- _What the task requires_: Up to and including the line with "One 1860s $4", please reproduce the lines below exactly, beginning with the first.

◇ ◇ ◇ ◇ ◇

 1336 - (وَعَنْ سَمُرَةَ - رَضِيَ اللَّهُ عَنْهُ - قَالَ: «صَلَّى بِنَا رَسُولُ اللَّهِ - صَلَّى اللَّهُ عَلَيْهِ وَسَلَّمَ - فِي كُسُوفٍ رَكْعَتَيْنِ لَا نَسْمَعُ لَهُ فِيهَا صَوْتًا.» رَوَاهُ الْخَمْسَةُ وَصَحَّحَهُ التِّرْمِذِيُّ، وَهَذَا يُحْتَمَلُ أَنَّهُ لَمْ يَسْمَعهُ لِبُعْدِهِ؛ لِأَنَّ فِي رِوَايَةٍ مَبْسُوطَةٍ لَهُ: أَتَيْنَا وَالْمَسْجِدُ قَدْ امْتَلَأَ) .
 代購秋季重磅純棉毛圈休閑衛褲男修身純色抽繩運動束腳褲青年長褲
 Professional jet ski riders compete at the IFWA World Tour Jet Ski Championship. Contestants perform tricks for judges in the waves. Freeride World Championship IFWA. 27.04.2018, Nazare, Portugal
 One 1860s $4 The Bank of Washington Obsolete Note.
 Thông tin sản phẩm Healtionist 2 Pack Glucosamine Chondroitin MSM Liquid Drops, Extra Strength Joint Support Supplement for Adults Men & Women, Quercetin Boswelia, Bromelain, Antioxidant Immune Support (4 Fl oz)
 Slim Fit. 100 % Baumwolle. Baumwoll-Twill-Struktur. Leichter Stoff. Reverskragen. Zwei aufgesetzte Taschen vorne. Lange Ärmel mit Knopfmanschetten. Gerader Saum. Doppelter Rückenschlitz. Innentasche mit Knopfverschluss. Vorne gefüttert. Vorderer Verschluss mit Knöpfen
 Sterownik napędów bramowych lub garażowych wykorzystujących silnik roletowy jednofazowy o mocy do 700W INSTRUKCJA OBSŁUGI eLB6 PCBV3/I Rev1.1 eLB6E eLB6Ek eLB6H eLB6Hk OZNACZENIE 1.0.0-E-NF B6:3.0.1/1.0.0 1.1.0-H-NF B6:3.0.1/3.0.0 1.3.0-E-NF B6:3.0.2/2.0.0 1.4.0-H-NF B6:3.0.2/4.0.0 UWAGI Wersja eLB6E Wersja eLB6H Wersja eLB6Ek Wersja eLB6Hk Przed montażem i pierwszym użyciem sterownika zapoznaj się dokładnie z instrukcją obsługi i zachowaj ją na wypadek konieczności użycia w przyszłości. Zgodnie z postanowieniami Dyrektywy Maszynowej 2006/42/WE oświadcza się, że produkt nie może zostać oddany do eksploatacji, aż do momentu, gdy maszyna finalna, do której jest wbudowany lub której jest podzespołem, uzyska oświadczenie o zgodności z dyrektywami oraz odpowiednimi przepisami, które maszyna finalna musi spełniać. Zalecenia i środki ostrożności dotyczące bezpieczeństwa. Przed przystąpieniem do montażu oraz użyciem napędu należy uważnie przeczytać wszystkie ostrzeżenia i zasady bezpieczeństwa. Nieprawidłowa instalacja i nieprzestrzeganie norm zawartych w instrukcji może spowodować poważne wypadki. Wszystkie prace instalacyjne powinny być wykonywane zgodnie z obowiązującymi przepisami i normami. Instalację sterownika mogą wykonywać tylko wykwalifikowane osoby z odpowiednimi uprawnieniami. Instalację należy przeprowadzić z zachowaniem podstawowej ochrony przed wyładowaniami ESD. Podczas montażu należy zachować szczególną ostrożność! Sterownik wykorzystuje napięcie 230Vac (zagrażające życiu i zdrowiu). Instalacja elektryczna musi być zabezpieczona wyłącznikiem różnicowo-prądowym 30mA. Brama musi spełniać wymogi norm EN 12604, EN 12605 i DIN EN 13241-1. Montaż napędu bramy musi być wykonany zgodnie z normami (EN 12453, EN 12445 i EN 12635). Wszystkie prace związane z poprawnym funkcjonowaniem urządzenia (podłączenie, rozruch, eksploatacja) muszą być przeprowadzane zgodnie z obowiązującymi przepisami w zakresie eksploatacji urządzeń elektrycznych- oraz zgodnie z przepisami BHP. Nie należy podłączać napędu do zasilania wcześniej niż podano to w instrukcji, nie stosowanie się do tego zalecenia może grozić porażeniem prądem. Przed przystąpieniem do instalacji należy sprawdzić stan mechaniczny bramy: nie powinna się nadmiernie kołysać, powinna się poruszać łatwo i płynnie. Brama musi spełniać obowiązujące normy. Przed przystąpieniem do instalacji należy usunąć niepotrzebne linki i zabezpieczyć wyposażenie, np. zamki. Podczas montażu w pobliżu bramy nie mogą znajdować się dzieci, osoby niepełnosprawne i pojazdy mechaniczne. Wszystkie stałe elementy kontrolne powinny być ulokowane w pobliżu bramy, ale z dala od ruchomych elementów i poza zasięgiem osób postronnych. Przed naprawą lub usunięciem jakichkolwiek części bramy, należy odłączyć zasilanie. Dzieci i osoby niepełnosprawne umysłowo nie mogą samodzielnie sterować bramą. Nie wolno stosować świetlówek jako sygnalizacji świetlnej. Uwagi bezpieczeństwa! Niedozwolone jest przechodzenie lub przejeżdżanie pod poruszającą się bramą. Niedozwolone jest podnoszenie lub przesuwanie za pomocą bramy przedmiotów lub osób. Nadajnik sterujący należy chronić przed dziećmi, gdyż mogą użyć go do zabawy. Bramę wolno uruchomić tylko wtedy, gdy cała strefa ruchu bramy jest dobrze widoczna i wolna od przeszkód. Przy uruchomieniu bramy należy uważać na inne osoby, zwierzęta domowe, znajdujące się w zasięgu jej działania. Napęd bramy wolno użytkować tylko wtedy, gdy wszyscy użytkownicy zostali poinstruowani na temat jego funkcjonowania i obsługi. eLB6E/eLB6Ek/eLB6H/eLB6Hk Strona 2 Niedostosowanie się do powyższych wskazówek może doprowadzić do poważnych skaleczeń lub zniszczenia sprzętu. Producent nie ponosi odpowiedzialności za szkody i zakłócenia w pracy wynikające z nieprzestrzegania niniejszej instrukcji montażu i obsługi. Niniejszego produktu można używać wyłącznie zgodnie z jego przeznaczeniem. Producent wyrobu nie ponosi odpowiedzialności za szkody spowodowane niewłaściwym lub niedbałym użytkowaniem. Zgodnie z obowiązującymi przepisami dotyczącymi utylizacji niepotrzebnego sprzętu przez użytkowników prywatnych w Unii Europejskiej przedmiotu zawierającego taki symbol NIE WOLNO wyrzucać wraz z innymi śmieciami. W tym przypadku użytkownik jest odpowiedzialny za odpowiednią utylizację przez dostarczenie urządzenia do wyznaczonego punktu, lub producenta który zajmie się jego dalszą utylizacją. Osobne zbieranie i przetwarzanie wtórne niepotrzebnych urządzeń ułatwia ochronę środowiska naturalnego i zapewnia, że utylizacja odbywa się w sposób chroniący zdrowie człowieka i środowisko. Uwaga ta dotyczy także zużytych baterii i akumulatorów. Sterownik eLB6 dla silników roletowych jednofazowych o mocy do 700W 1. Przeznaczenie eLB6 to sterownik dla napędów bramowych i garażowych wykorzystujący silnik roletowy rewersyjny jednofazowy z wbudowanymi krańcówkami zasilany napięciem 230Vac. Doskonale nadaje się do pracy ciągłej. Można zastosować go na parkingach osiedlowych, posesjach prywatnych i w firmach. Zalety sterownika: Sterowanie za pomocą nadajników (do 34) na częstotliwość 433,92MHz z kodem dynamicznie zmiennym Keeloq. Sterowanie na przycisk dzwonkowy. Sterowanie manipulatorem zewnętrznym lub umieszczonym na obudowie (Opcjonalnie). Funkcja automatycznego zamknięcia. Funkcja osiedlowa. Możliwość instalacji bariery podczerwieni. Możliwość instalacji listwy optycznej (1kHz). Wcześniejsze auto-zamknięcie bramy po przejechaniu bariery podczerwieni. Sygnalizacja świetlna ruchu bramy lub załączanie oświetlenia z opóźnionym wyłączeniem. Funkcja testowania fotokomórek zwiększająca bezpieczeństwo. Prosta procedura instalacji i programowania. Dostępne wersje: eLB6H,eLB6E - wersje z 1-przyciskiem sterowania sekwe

◇ ◇ ◇ ◇ ◇

- _Your solution_:
 1336 - (وَعَنْ سَمُرَةَ - رَضِيَ اللَّهُ عَنْهُ - قَالَ: «صَلَّى بِنَا رَسُولُ اللَّهِ - صَلَّى اللَّهُ عَلَيْهِ وَسَلَّمَ - فِي كُسُوفٍ رَكْعَتَيْنِ لَا نَسْمَعُ لَهُ فِيهَا صَوْتًا.» رَوَاهُ الْخَمْسَةُ وَصَحَّحَهُ التِّرْمِذِيُّ، وَهَذَا يُحْتَمَلُ أَنَّهُ لَمْ يَسْمَعهُ لِبُعْدِهِ؛ لِأَنَّ فِي رِوَايَةٍ مَبْسُوطَةٍ لَهُ: أَتَيْنَا وَالْمَسْجِدُ قَدْ امْتَلَأَ) .
 代購秋季重磅純棉毛圈休閑衛褲男修身純色抽繩運動束腳褲青年長褲
 Professional jet ski riders compete at the IFWA World Tour Jet Ski Championship. Contestants perform tricks for judges in the waves. Freeride World Championship IFWA. 27.04.2018, Nazare, Portugal
 One 1860s $4 The Bank of Washington Obsolete Note.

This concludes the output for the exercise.